WHAT IS BEING ASKED:
Reproduce word for word the lines of the listing from the first one through the one with "Kipufogó csövek vágására", omitting every picture.

RECORDS FOR THIS TASK:

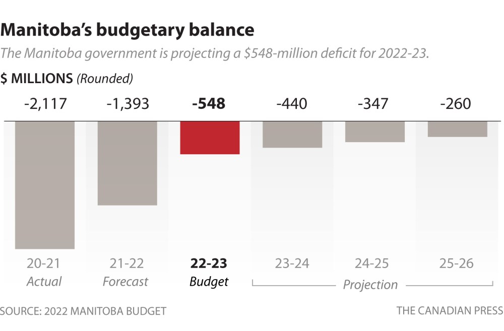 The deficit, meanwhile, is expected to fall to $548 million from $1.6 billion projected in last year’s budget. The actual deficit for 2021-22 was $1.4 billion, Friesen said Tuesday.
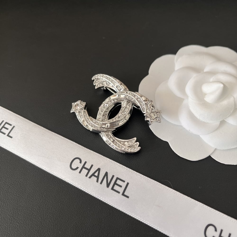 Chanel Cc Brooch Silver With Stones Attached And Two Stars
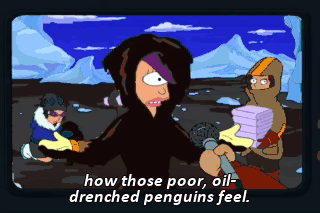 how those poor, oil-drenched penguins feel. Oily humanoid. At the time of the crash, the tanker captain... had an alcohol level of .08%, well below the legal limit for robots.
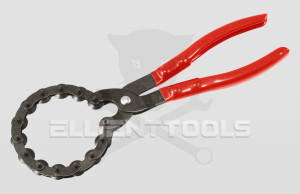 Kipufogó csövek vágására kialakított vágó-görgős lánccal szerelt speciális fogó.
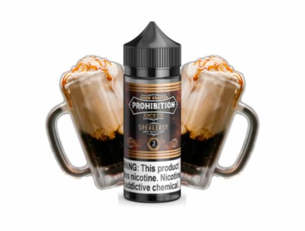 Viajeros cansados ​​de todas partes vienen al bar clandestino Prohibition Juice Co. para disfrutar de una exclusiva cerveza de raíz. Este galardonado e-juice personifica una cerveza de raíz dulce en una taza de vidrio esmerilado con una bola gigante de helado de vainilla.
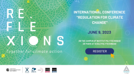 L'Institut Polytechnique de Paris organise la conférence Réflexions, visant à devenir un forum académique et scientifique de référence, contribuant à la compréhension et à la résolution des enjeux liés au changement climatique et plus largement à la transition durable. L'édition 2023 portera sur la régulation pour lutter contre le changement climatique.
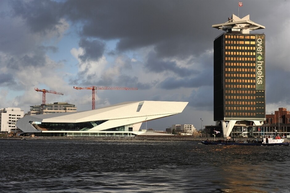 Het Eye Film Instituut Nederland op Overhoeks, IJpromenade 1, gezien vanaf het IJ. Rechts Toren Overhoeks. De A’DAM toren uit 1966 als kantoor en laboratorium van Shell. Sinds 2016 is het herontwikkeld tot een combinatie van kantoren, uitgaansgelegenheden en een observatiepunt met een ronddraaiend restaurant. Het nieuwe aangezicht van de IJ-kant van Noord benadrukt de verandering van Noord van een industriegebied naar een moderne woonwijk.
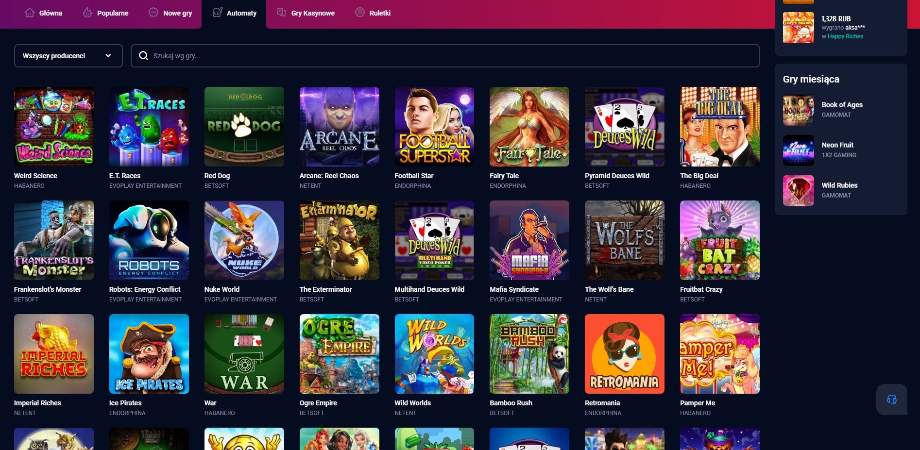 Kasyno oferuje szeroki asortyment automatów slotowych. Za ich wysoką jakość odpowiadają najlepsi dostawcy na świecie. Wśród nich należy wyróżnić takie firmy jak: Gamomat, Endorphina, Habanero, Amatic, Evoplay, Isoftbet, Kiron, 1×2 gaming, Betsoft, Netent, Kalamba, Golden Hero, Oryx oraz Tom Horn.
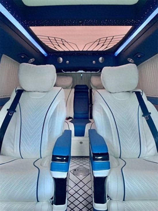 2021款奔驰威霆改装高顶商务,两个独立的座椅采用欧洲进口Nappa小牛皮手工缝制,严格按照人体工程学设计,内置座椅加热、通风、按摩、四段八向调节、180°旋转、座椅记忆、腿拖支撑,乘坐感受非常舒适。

YOUR RESPONSE:
 The deficit, meanwhile, is expected to fall to $548 million from $1.6 billion projected in last year’s budget. The actual deficit for 2021-22 was $1.4 billion, Friesen said Tuesday.
 Chanel Cc Brooch Silver With Stones Attached And Two Stars
 how those poor, oil-drenched penguins feel. Oily humanoid. At the time of the crash, the tanker captain... had an alcohol level of .08%, well below the legal limit for robots.
 Kipufogó csövek vágására kialakított vágó-görgős lánccal szerelt speciális fogó.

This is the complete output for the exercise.